START MATERIAL PROVIDED

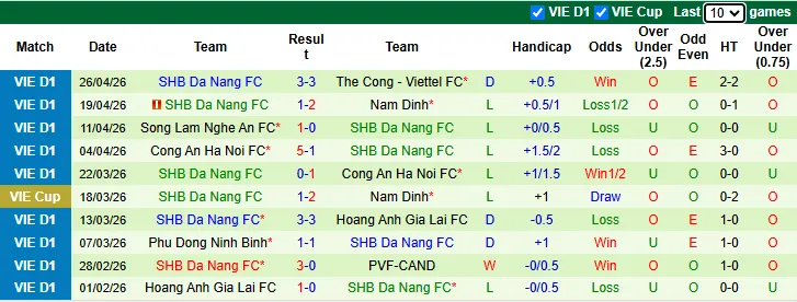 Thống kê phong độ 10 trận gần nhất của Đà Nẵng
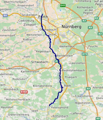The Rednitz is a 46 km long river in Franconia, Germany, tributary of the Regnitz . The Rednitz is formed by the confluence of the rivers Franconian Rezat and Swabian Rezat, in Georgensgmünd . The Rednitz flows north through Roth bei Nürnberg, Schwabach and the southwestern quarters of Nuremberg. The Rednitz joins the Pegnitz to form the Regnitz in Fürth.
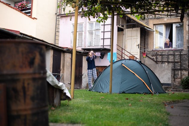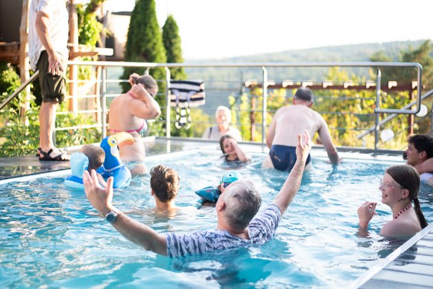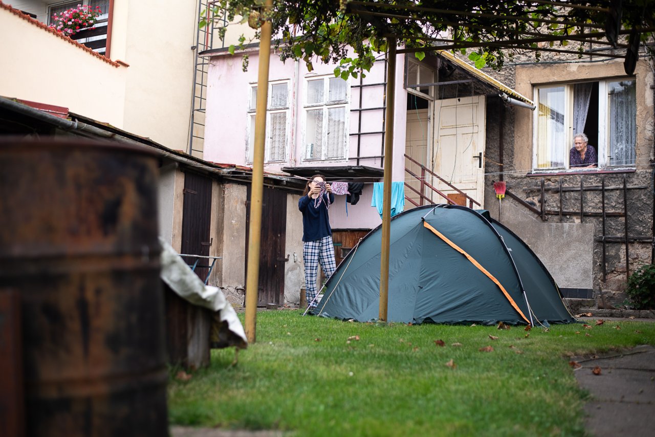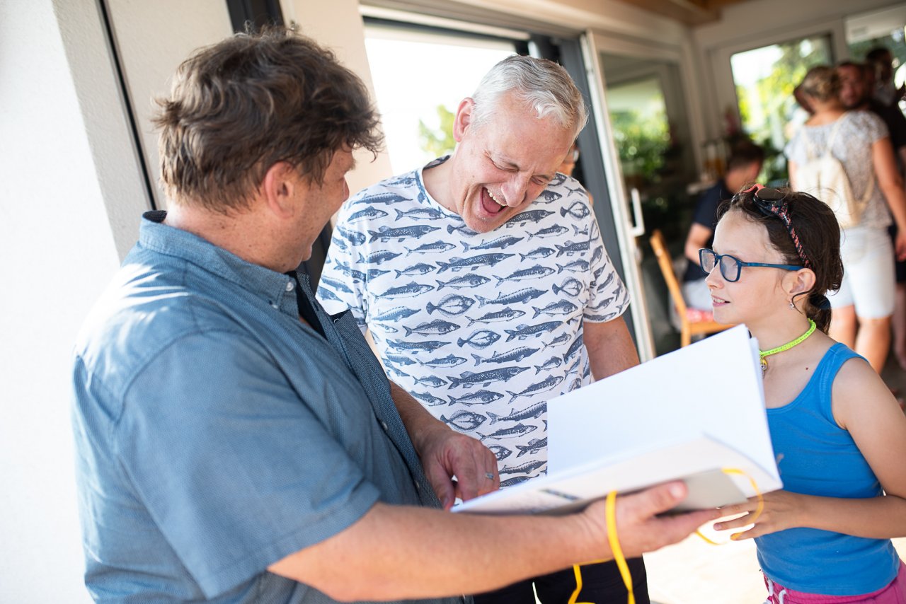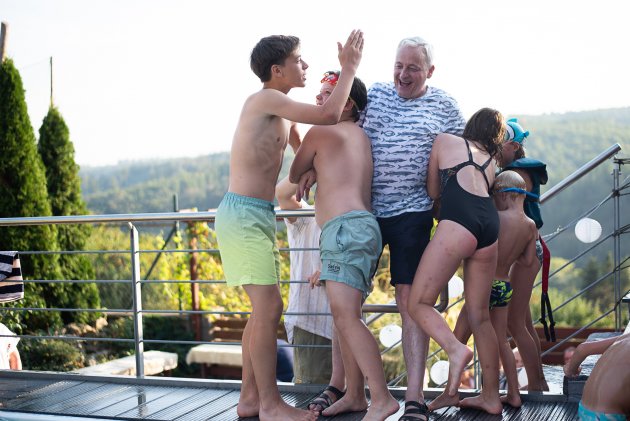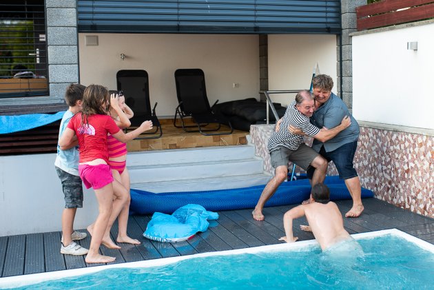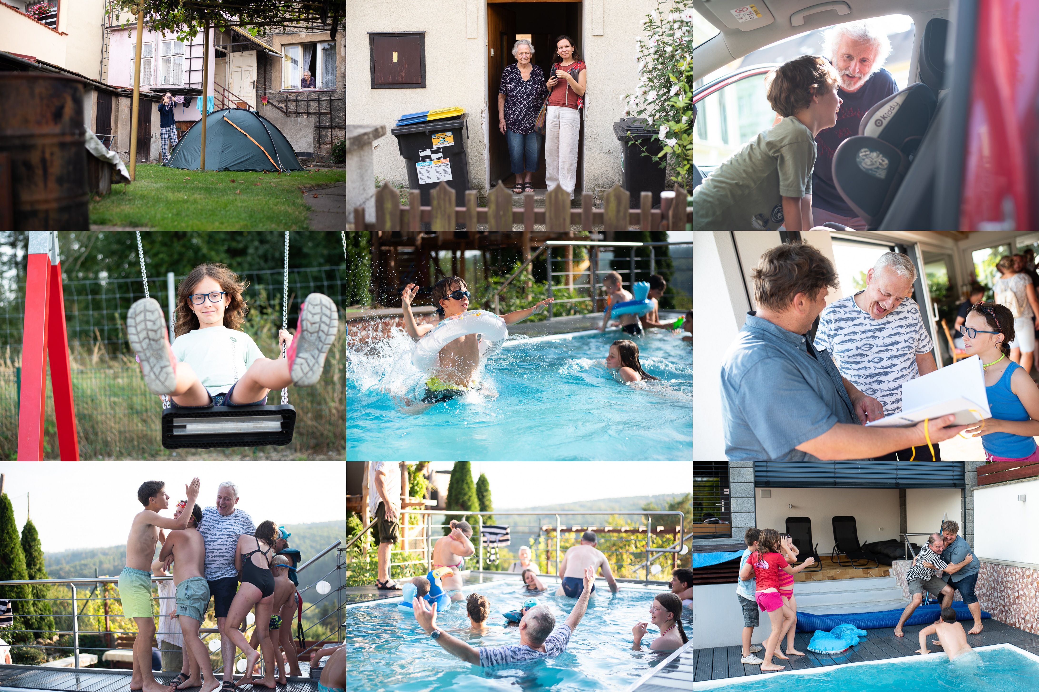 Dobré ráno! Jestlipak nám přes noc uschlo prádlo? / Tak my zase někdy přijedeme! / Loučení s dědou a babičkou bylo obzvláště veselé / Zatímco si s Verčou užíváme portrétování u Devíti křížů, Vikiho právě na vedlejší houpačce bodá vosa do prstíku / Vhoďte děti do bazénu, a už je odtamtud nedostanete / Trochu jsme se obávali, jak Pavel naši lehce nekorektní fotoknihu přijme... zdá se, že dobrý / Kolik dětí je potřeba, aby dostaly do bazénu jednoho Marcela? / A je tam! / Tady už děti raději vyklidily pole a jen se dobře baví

END MATERIAL PROVIDED

* ASSIGNMENT
Restate the data above exactly, stripping out each image.

* EXERCISE ANSWER
 Thống kê phong độ 10 trận gần nhất của Đà Nẵng
The Rednitz is a 46 km long river in Franconia, Germany, tributary of the Regnitz . The Rednitz is formed by the confluence of the rivers Franconian Rezat and Swabian Rezat, in Georgensgmünd . The Rednitz flows north through Roth bei Nürnberg, Schwabach and the southwestern quarters of Nuremberg. The Rednitz joins the Pegnitz to form the Regnitz in Fürth.
 Dobré ráno! Jestlipak nám přes noc uschlo prádlo? / Tak my zase někdy přijedeme! / Loučení s dědou a babičkou bylo obzvláště veselé / Zatímco si s Verčou užíváme portrétování u Devíti křížů, Vikiho právě na vedlejší houpačce bodá vosa do prstíku / Vhoďte děti do bazénu, a už je odtamtud nedostanete / Trochu jsme se obávali, jak Pavel naši lehce nekorektní fotoknihu přijme... zdá se, že dobrý / Kolik dětí je potřeba, aby dostaly do bazénu jednoho Marcela? / A je tam! / Tady už děti raději vyklidily pole a jen se dobře baví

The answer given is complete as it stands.